In a statement of position, Staff noted that the responsibility of communicating billing and pricing information to the end-use customer generally lies with the REP given the nature of the relationships established by the unbundling of the electric market. "That said, the applicable rules could be interpreted to mean that the responsibility for the failure to communicate pricing terms in this case falls on Ambit; however, as the evidence shows, Ambit had no way of knowing what Complainant's usage would be prior to his enrollment because Complainant had no historical usage on his property. Moreover, during Complainant's first two months of service, his usage was below 10 KVA, which did not trigger CenterPoint's demand charge. Thus, Complainant was properly classified at enrollment," Staff said.

"The duty to disclose the applicability of demand charges is only upon enrollment, not after that time," Staff said.

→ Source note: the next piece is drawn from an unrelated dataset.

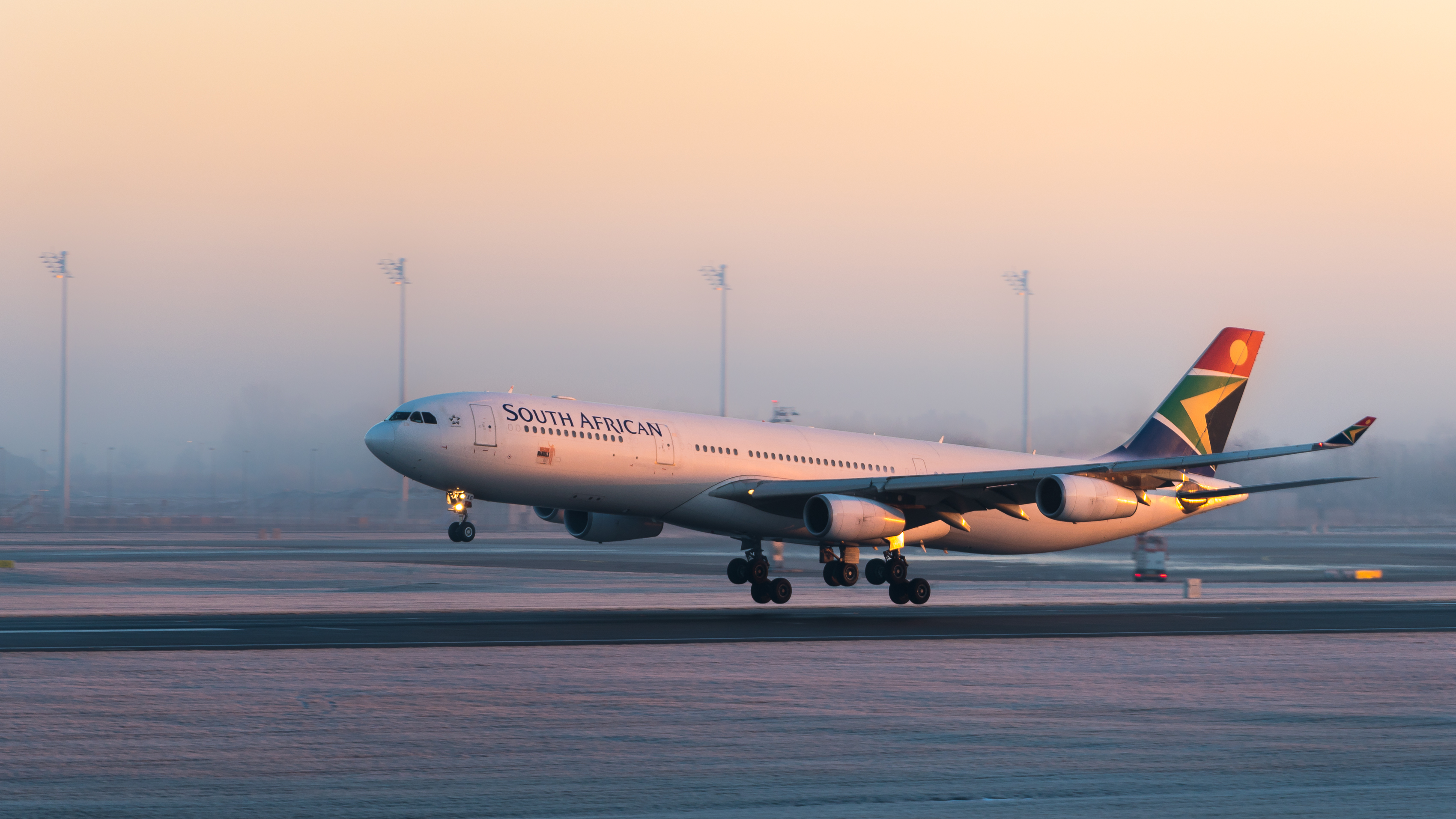 South African Airways Airbus A340-313 (reg. ZS-SXE, msn 646) landing at Munich Airport (IATA: MUC; ICAO: EDDM).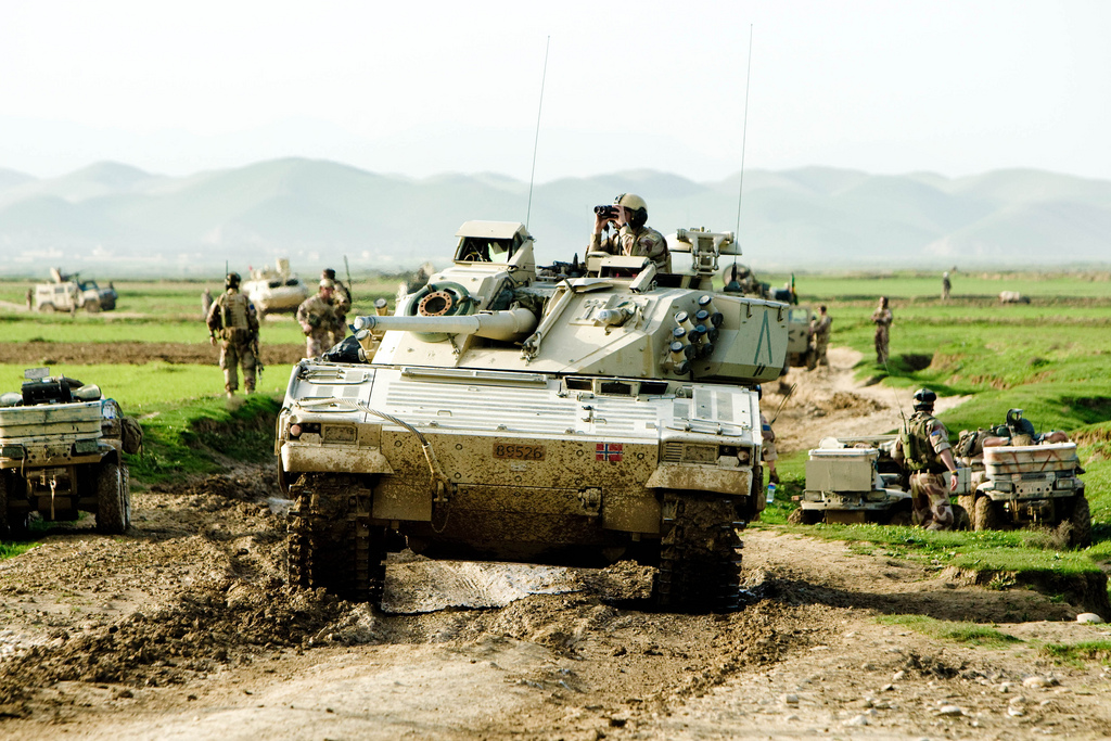 Norwegian soldiers running operations in Faryab Province, Afghanistan. The International Security Assistance Force(ISAF) is a NATO-led, 44-nation military coalition dedicated to helping Afghan authorities provide security and stability and creating the conditions for reconstruction and development.

"Complainant's usage spiked a few months after enrollment with Ambit. The spike in usage triggered CenterPoint's demand charge. The classification of Complainant's account as service under 10 KVA and related billings were accurate. There was no duty to communicate a greater than 10 KVA rate and associated demand ratchet because they did not apply at that time," Staff said.

"Ambit has also argued that it has no duty to make inquiries into a customer's usage or to provide notice to Complainant that his usage approached the trigger of the demand ratchet. Initially, and without all the facts, Staff had some concerns about this assertion because if neither the TDU nor the REP have this duty, then no one is required to explicitly inform an end-use customer of this information. Ambit stated that the information obtained in order to enroll Complainant only consisted of the name, premises address for service, billing address, tax ID, phone number, ESI ID, and that the electric service would not be residential. But, the problem was that Complainant had no historical usage on his property prior to enrollment and he did not inform Ambit of his intended use of the property. Had Complainant done so, Ambit would have realized the potential of triggering the demand ratchet," Staff said.

"The duty to disclose the applicability of demand charges is only upon enrollment, not after that time. Ambit did not violate any of its duties specifically prescribed by statute or rule. Given the evidence, Ambit technically satisfied its applicable requirements," Staff said.

"Ambit did not violate any of the Commission's applicable customer protection rules. The spirit of one of the Commission's overarching goals is to provide end-use customers with sufficient information to make informed decisions, but this broad customer protection goal does not trump the Commission's more specific provisions governing the end-use customer's relationship with REPs and TDUs," Staff said.

"Ambit had the duty [to provide rate information], and met the minimal requirements of that duty when it provided the notice based upon the information that it had pursuant to 16 Tex. Admin. Code §§ 25.475, 25.479, and 25.480 (TAC). Ambit's argument partially asserts that it was impossible for it to have known what Complainant's usage would be. While Ambit (and all REPs) should provide ample notice of applicable billing information, given the evidence, Ambit technically followed all of the applicable statutory and rule provisions. As stated by Ambit, 'Complainant was advised in the [Energy Facts Label] at the time of enrollment that his rate may change due to changes in TDSP charges.' That disclosure is all that is required by the applicable rules," Staff said.